I ran my speakers wires with the rca's


----------



## droppinbottom (Jun 30, 2003)

speakers with rca and the size of the wire depends on the quality of the wire i think i use 14 or 16 on all my installs and i have some guys with 1000 watts on their highs with no problems


----------



## 96sentra (Apr 9, 2003)

what are u guys talkin about speaker wire comin from the front to the back? what is coming from what and going where? like replacing stock speaker wire?


----------



## nismoprincess (Sep 27, 2002)

96sentra said:


> *what are u guys talkin about speaker wire comin from the front to the back? what is coming from what and going where? like replacing stock speaker wire? *


speaker wires and RCA's coming from the amp


----------



## Ninety-Nine SE-L (May 5, 2002)

can I also run the speaker wire near the power cable. I was just wondering really if I should run the wires along the door sills or if there is any better way to run them.


----------



## sr20dem0n (Mar 19, 2003)

I ran my power on the passenger side, 3 rcas on the driver side, and the speaker wire on both sides (driver speaker wire on driver side, etc) with no problems

and I used 16ga I believe for 85rms


----------



## Sethticlees (May 30, 2002)

Speaker wire down the middle!

You could run it with your RCA's but why bother. Under the carpet down the middle is the way to go. 

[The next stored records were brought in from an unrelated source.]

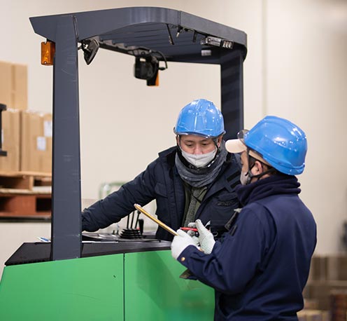 当社の運送事業は、自社で管理・販売する紙製品の輸送を主軸としています。湿気や荷崩れに弱いデリケートな紙製品の特性を熟知しているからこそ、積み込みから荷下ろしまで、いかなる状況でも丁寧な輸送を徹底できます。専門スキルを持つスタッフが、日々の安全確認を行いながら迅速に作業を進めます。
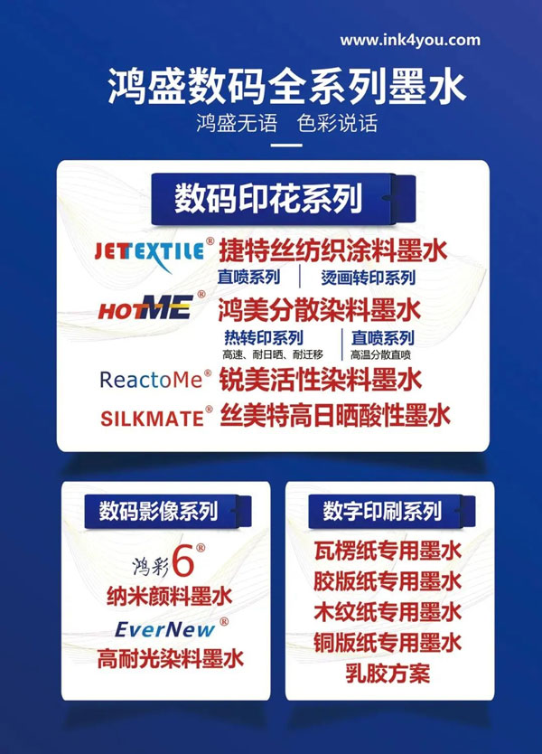 本次展會,鴻盛數碼(展位號:A1-Hall 208)將攜鴻盛數碼全系列墨水(數碼印花、數碼影像、數碼印刷)等多款主力產品重磅出席此次展會。歡迎各位行業精英現場交流!作為全系列紡織噴墨墨水生產商,鴻盛數碼噴墨印花墨水具備色譜齊全,顏色靚麗,色牢度高,安全環保等優點,其豐富的配色方案可以滿足不同客戶的印花需求。經過二十多年的行業深耕,鴻盛數碼得到了行業的認可和贊譽。
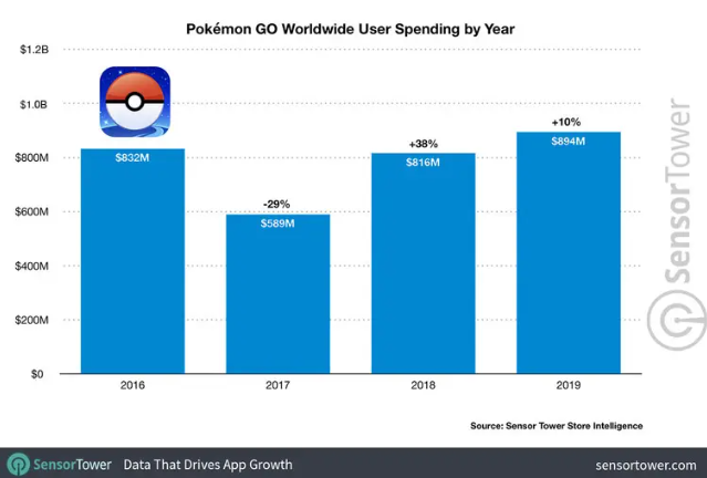 除了《宝可梦:剑/盾》带来的收入激增外,《Pokemon Go》的收入在2019年也获得了增长,市场调研机构SensorTower的数据显示,《PokemonGo》2019年总收入达8.94亿美元的消息,较2018年的7.95亿美元增长12%。
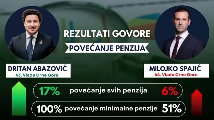 Bivši premijer i lider Građanskog pokreta URA Dritan Abazović na društvenim mrežama je objavio uporedne podatke 43. i 44. Vlade kada je u pitanju povećanje penzija.

Avoid mixing RCA's and power wire because of signal interference. Power causes signal interference.


----------



## Ninety-Nine SE-L (May 5, 2002)

well, they are going from the amp, up to the doors. The RCAs are already laid on one side, and the power cable is on the other side. I am not mixing RCAs with power, but is it a good idea to mix speaker wire with RCAs or Speaker wire with power?


----------



## droppinbottom (Jun 30, 2003)

try to keep your power wire on its own side. speaker wire with rca. instead of trying to run the speaker wire to the front doors and having to get them through that rubber boot inbetween the door and body. run your front speaker wires from the amp to the wire harness that you have your radio hooked up to from there on you will be using your factory wire to the speakers. i have been doing installs wor about 4 years and am mecp certified. your factory wire will handle the amount of power you are sending to them(your speaker wires do not actually carry voltage)


----------



## sr20dem0n (Mar 19, 2003)

droppinbottom said:


> *run your front speaker wires from the amp to the wire harness that you have your radio hooked up to from there on you will be using your factory wire to the speakers. i have been doing installs wor about 4 years and am mecp certified. your factory wire will handle the amount of power you are sending to them(your speaker wires do not actually carry voltage) *


uh, not true

the reason you go to a larger diameter speaker wire is because the resistance of a wire is proportional to the radius squared. The size of a wire has a huge effect on the total resistance of it. Power is delivered to your speakers through the speaker wire, power is the product of the voltage and the current. Speaker wires DO carry voltage and they DO carry current. If you use too small of wire you can even have around an ohm of resistance from the wire alone, that will drop the power going to your speakers considerably, and will also dirty up the sound. Stock wiring should definately not be used if you are sending more than 40rms to each speaker.


----------



## Ninety-Nine SE-L (May 5, 2002)

why would I want to use my stock wires anyway, the amp is in the trunk and the wire starts in the front by the radio. To run it through the stock wire, I would still have to run a wire to the front and that would double the wire length and increase resistance.


----------



## Honest Bob (Nov 7, 2002)

As long as your head unit has a decent pre amp voltage and your not using shitty ass RCA's you dont have to worry about wich wires are next to what. I've allways run the RCA's with the power. In fact I seperated them once to see if there was any diffrence. Nodda nothing


----------